4. The control device for a compressor according to any one of the first to third aspects. 6. The operating mode according to the number of the commodity rooms to be cooled, the number of operating evaporators,
The stop time of the inverter compressor, the ambient temperature outside the vending machine, the temperature of the outer surface of the vending machine, the temperature of the suction air sucked into the condenser, and at least one of season information. The control device for a compressor according to claim 4, wherein the control device is set based on the control information. 7. A method of controlling a compressor in a vending machine including a cooling unit having at least an evaporator, a condenser, an expansion mechanism, and a compressor, and a controller for controlling the cooling unit, wherein the compressor is An inverter compressor, wherein the controller changes the rotation speed commanded to the inverter compressor according to a predetermined change pattern and outputs the rotation speed in accordance with the elapse of time from the start of the inverter compressor. A method for controlling a compressor, comprising: commanding the output rotation speed to the inverter compressor. 8. A temperature inside the refrigerator of the vending machine and / or a temperature gradient of the temperature inside the refrigerator with respect to the elapsed time is detected, and the detected temperature inside the refrigerator and / or the temperature gradient is set in advance. When the value is out of the range, a corresponding change pattern is selected from a plurality of different types of change patterns prepared in advance, and the number of revolutions changed according to the selected change pattern is output. The method for controlling a compressor according to claim 7, wherein 9. The change pattern includes an operation mode corresponding to the number of the commodity rooms to be cooled, a number of evaporators being operated, a stop time of the inverter compressor, and an ambient temperature outside the vending machine. The temperature of the outer surface of the vending machine,
9. The control method for a compressor according to claim 7, wherein the control method is set based on at least one of a temperature of intake air sucked into the condenser and season information. 10. An initial rotation speed of the inverter compressor until a predetermined elapsed time from the start of the start of the inverter compressor or until a predetermined elapsed time after the number of operating evaporators changes. 10. The method for controlling a compressor according to any one of claims 7 to 9, wherein 11. The operation of the evaporator from the start of the operation of the inverter compressor until the temperature in the refrigerator of the vending machine or the temperature of a product stored in the vending machine reaches a predetermined temperature, or Commanding an initial rotation speed to the inverter compressor until the internal temperature of the vending machine or the temperature of the product stored in the vending machine reaches a predetermined temperature after the number changes.

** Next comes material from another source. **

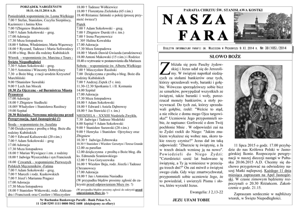 PORZĄDEK NABOŻEŃSTW 10.11.-16.11.2014 A.D. Poniedziałek wspomnienie św. Leona Wielkiego 7.00 † Stefan, Stanisław, Cecylia Sierpińscy, Kazimierz i Janina Kłos 7.00 †Zbigniew Białobrzeski 7.00 † Adam Sokołowski – greg. 17.00 Adoracja 17.30 Msza listopadowa 18.00 † Sabina, Włodzimierz, Maria Wąsowscy 18.00 † Ryszard, Tadeusz i Maria Soliwodzcy 18.00 o błog. Boże dla rodziny Kubińskich Wtorek - wspomnienie św. Marcina z Tours Święto Niepodległości 7.30 † Adam Sokołowski – greg. 7.30 † Antonina i Wincenty Dobrzyńscy 7.30 o Boże błog. z racji urodzin Krzysztof Marchliński 9.00 †Stanisław Suwalski 9.00 † Lech Jan Mocek 10.30 Za Ojczyznę - od Burmistrza Miasta Przasnysz 17.00 Adoracja 18.00 † Zbigniew Siedlecki 18.00† Władysław i Stanisława Rasińscy 19.00 Szpital 20.30 Różaniec, Nowenna miesięczna przed Peregrynacją, Apel Jasnogórski (!) Środa – wspomnienie św. Jozafata 7.00 Dziękczynna z prośbą o błog. Boże dla rodziny Kubińskich 7.00 † Edward Kaliszewski (20 r.śm.) 7.00 † Adam Sokołowski – greg 17.00 Adoracja 17.30 Msza listopadowa 18.00 † Marian Wywigacz i zm. z rodziny 18.00 † Jadwiga Wyszczelska i syn Franciszek 18.00 Czwartek – wspomnienie Pierwszych Polskich Męczenników -Fatima 7.00 † Adam Sokołowski – greg. 7.00 † Marceli i rodz. Kuskowskich 7.00 † Józef i Marianna Pragacz 17.00 Adoracja 17.30 Msza listopadowa 18.00 † Stanisław Witkowski, rodz. Aleksandra i Franciszek oraz Czesław i Mieczysław 18.00 † Tadeusz Wółkiewicz 18.00 † Florentyna Zieleńska (65 r.śm.) 18.40 Różaniec fatimski o pokój (proszę przynieść świece!) Piątek 7.00 † Adam Sokołowski – greg. 7.00 † Zbigniew Durski (6 r. śm.) 7.00 † Irena Pasymowicz 7. 30† Halina Kowalska 17.00 Adoracja 17.30 Msza listopadowa 18.00 † Marek-Dawid Gwiazda (urodzinowa) 18.00 Antoni Makowski (15 r.śm.) i Rodzice 18.40 o wytrwanie w postanowieniu dla Mariusza Sobota – wspomnienie św. Alberta Wielkiego 7.00 † Mieczysław Rasiński 7.00 Dziękczynna z prośbą o błog. Boże dla rodziny Kubińskich 7.00 † Andrzej Ziętek (5 r. śm). 11.30-12.30 Spotkania I. i II. Komunia 14.00 Szpital 17.00 Adoracja 17.30 Msza listopadowa 18.00 † Adam Sokołowski 18.00 † Edward i Aniela Dąbrowsy 18.00 † Jan Stawicki (1 r. śm.) NIEDZIELA – XXXIII Niedziela Zwykła. 7.30 Jadwiga i Tadeusz Modelski 8.00 Szpital † Adam Sokołowski 9.00 † Stanisław Surawski (28 r.śm.) 9.00 † Henryka i Stanisław Ojrzyńscy oraz Zbigniew 10.30 † Jadwiga Żebrowska 10.30 † Stanisław i Wiesław Gersztyn i Teresa Grande 12.00 za parafian 12.00 dziękczynna z prośbą o Boże błog. dla ks. Edmunda Szaniawskiego 12.00 † Ewa Goryszewska 16.00 † Wiesław Beja, rodz. Józefa i Tadeusz Chrzanowscy 17.00 Adoracja 18.00 † Jan i Antonina Nasiadka (W przypadku błędów prosimy zgłosić do zakrystii przed odprawieniem Mszy św. !) (W przypadku błędów prosimy zgłosić do zakrystii przed odprawieniem Mszy św. !) Nr Rachunku Bankowego Parafii - Bank Pekao S.A. 11 1240 5295 1111 0000 5042 1608 (dziękujemy za ofiary) PARAFIA CHRZTU ŚW. STANISŁAWA KOSTKI BIULETYN INFORMACYJNY PARAFII ŚW. WOJCIECHA W PRZASNYSZU 9.XI.2014 R. NR 38(105)/2014 Z SŁOWO BOŻE bliżała się pora Paschy żydowskiej i Jezus udał się do Jerozolimy. W świątyni napotkał siedzących za stołami bankierów oraz tych, którzy sprzedawali woły, baranki i gołębie. Wówczas sporządziwszy sobie bicz ze sznurków, powypędzał wszystkich ze świątyni, także baranki i woły, porozrzucał monety bankierów, a stoły powywracał. Do tych zaś, którzy sprzedawali gołębie, rzekł: "Weźcie to stąd, a nie róbcie z domu mego Ojca targowiska!" Uczniowie Jego przypomnieli sobie, że napisano: Gorliwość o dom Twój pochłonie Mnie . W odpowiedzi zaś na to Żydzi rzekli do Niego: "Jakim znakiem wykażesz się wobec nas, skoro takie rzeczy czynisz?" Jezus dał im taką odpowiedź: "Zburzcie tę świątynię, a Ja w trzech dniach wzniosę ją na nowo". Powiedzieli do Niego Żydzi: "Czterdzieści sześć lat budowano tę świątynię, a Ty ją wzniesiesz w przeciągu trzech dni?" On zaś mówił o świątyni swego ciała. Gdy więc zmartwychwstał, przypomnieli sobie uczniowie Jego, że to powiedział, i uwierzyli Pismu i słowu, które wyrzekł Jezus. Ewangelia: J 2,13-22 JEZU UFAM TOBIE 11 lipca 2015 o godz. 17.00 przybędzie do nas Królowa Polski w Jasnogórskiej Ikonie. Rozpoczęcie peregrynacji w naszej diecezji nastąpi w Pułtusku 20.06.2015 A.D. Chcemy się duchowo przygotować na odwiedziny naszej Matki najlepszej. Każdego 11 dnia miesiąca zapraszam na Apel Jasnogórski. W czasie zimowym będziemy rozpoczynali o 20.30 Różańcem. Zakończenie o godz. 21.15. Zapraszam serdecznie w najbliższy wtorek, w Święto Niepodległości. Z NAUCZANIA PAPIEŻA FRANCISZKA (Źródło: rv/dg | Data publikacji: 06.11.2014) Prawdziwy chrześcijanin nie obawia się pobrudzić sobie rąk z grzesznikami. Umie nawet wystawić na szwank swoją reputację, bo jest w nim serce Boga, który nie chce, by ktokolwiek się zagubił. Mówił o tym Papież podczas porannej Mszy w kaplicy Domu św. Marty. W homilii Franciszek komentował … Ewangelię, w której Jezus odpiera zarzuty faryzeuszy opowiadając przypowieści o zabłąkanej owcy i o zgubionej drachmie. Ojciec Święty zaznaczył, że przebywanie wśród celników i grzeszników było w owych czasach prawdziwym skandalem, który dziś z pewnością trafiłby na czołówki mediów. Jednak Jezus nie rezygnuje z poszukiwania tych, którzy oddalili się od Pana, nie zatrzymuje się wpół drogi. A tak czynili faryzeusze, czuli na bilans zysków i strat. Bóg jednak nie jest człowiekiem interesu, ale idzie aż do końca, dając zbawienie – zaznaczył Papież. Dlatego smutne jest widzieć pasterzy zawieszonych wpół drogi. Smutny jest widok pasterza, który otwiera drzwi Kościoła i pozostaje tam w oczekiwaniu – mó

The method for controlling a compressor according to any one of claims 7 to 9, wherein: 12. The initial rotation speed includes an operation mode corresponding to the number of the commodity rooms to be cooled, the number of operating evaporators, a stop time of the inverter compressor, and an atmosphere outside the vending machine. Temperature, the temperature of the outer surface of the vending machine,
The compressor control method according to claim 10 or 11, wherein the control method is set based on at least one of a temperature of intake air sucked into the condenser and season information.